I am sorry I misunderstood what you were saying, or I probably couldn't accept the reality of the statement. I doubt that I was the only one. The very notion of such a delay is patently absurd, because that is well past the point of no return for the platform. The Vita needs to reach a critical mass to be a self sustaining platform, and that has to be a reality long before next holiday season. If the Vita is tracking under ten million in sales prior to that holiday season. It will not matter how it does in that holiday season price cut or not.

The install base on the platform will have proven itself insufficient as far as third party developers are concerned, and they will have abandoned the product. You have to see it from their point of view. A manufacturer is given a grace period to generate a respectable install base, but that grace period has never been two years. I cannot think of a single gaming dedicated product that has been able to languish for two years.

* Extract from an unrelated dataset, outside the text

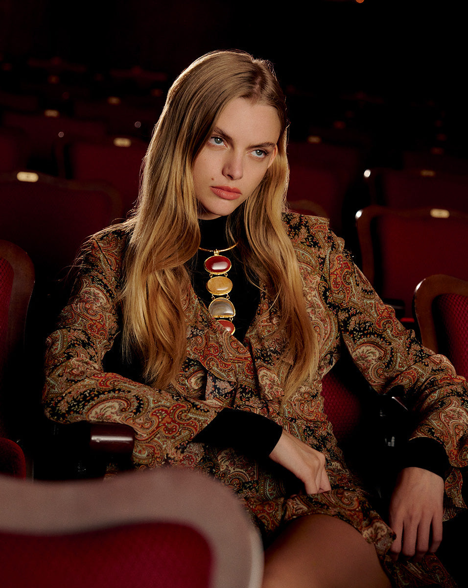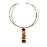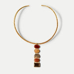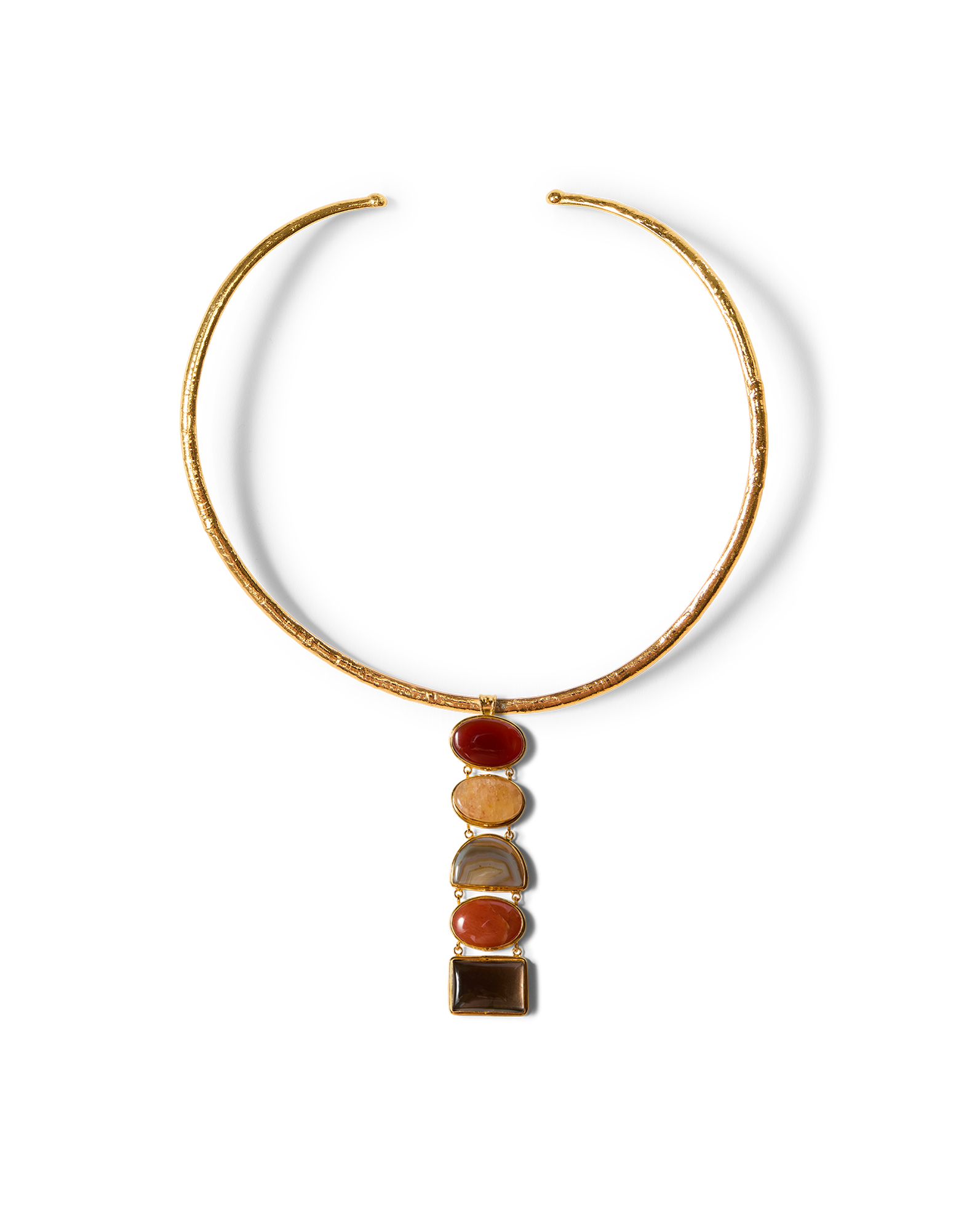The piece that inspired the full Veronica Beard x Sylvia Toledano capsule—colorful, meticulously crafted talismans that embody a luxe bohemian spirit and complement our Fall 2025 collection. Designed in Paris and handcrafted in India from 22k gold-plated brass, the Torque is a bold, sculptural collar necklace featuring a vertical pendant of five bezel-set semi-precious cabochons sourced from Jaipur: carnelian, golden jasper, natural onyx, red aventurine, and smoky quartz. A striking statement piece, it’s destined to be the focal point of any look.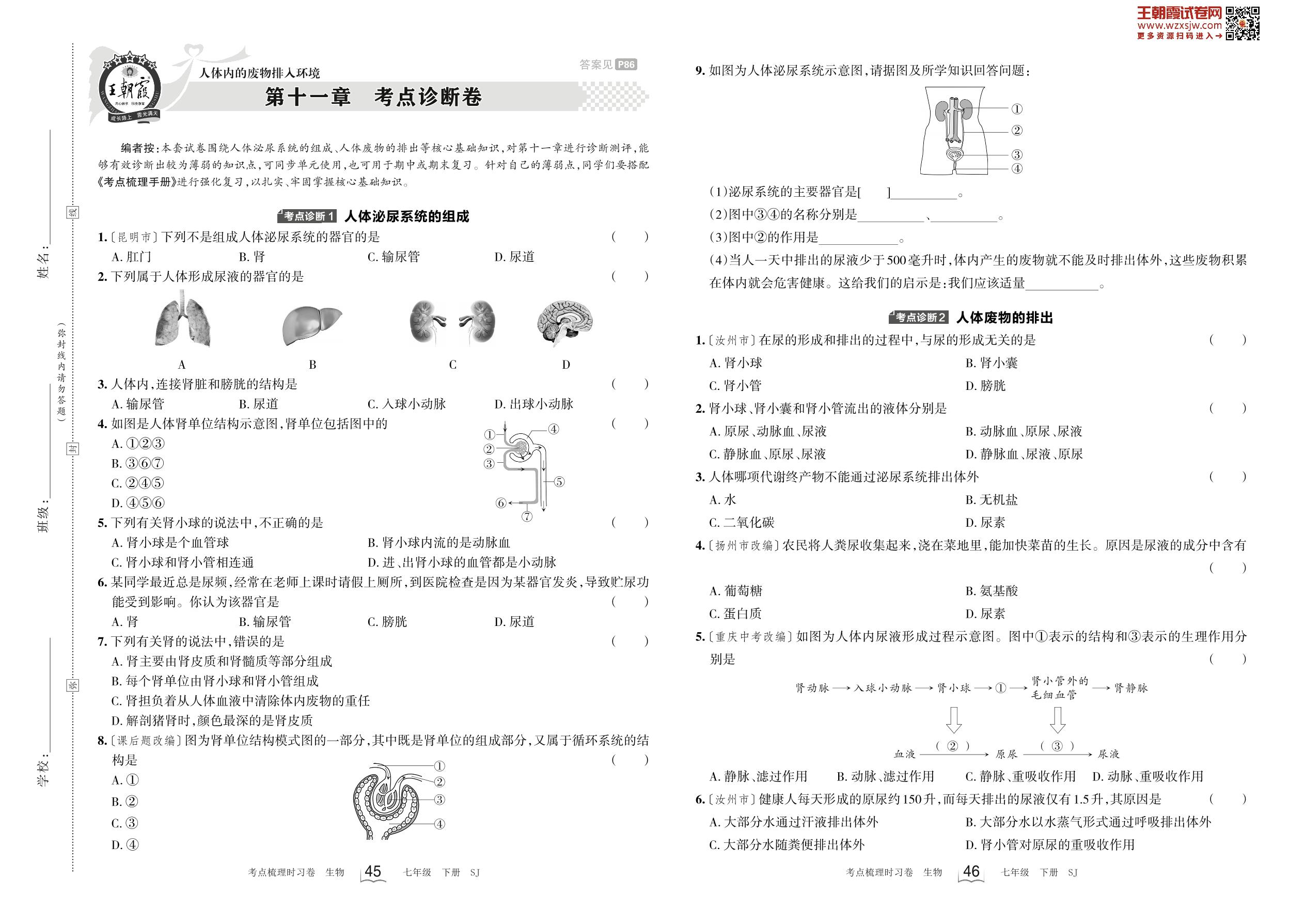 2023下册七年级生物苏教版 第十一章 考点诊断卷

With very good reason. When a third party developer makes games for a platform. They can expect a adoption rate of twenty percent at best, but the most likely outcome is in the single digits.

Developers will see the platform as a money pit. Where they can never gain back more then they put in. Let alone get back more then they put in. So even if Sony played by your rules. The next year will show the developer pool to be nothing but a dry lake bed. Nobody outside of Sony would actually be developing games for the platform.

Anyway sorry for misunderstanding you, but you really gotta think this one through some more. I mean nobody is actually seriously floating that kind of delayed price cut, because it would in fact come far too late to salvage the platform.